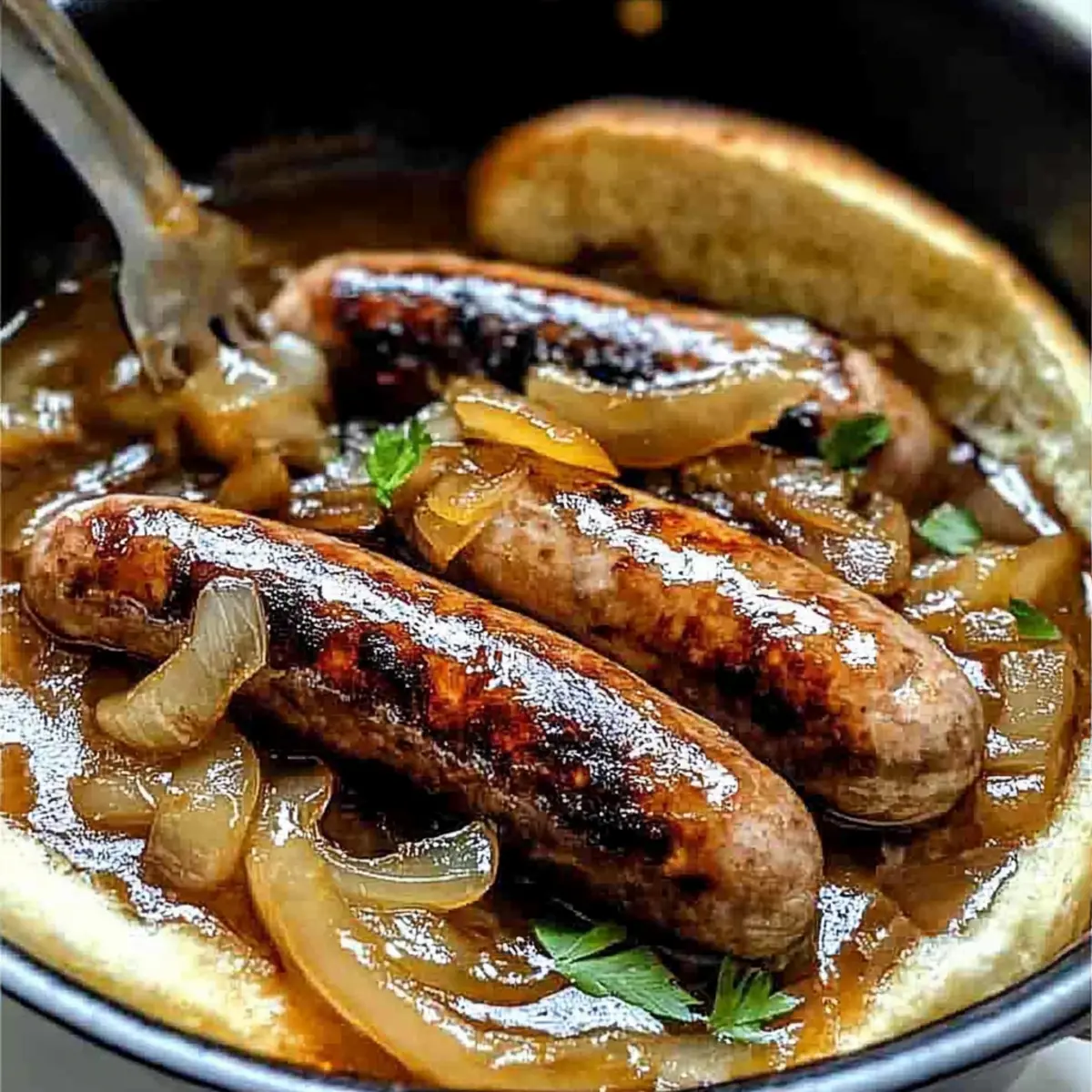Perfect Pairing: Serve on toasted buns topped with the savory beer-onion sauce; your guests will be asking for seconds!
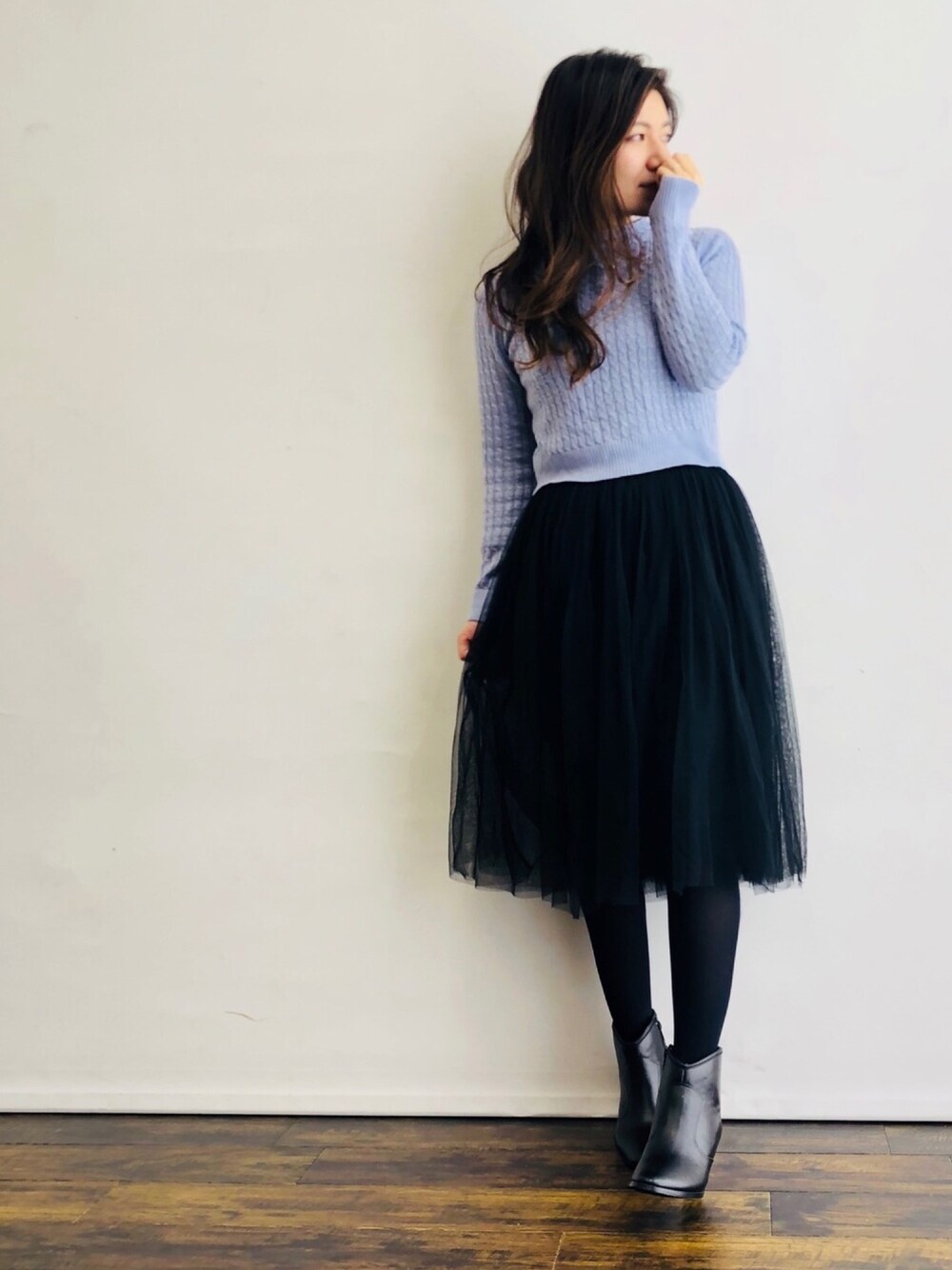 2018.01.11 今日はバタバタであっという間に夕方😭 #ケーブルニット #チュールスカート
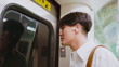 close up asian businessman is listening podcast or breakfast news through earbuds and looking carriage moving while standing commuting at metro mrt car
##########
*EXERCISE INSTRUCTIONS*. In your transcription of the listing above, match each line exactly and include no pictures.

*SOLUTION TO THIS PROBLEM*.
Perfect Pairing: Serve on toasted buns topped with the savory beer-onion sauce; your guests will be asking for seconds!
 2018.01.11 今日はバタバタであっという間に夕方😭 #ケーブルニット #チュールスカート
 close up asian businessman is listening podcast or breakfast news through earbuds and looking carriage moving while standing commuting at metro mrt car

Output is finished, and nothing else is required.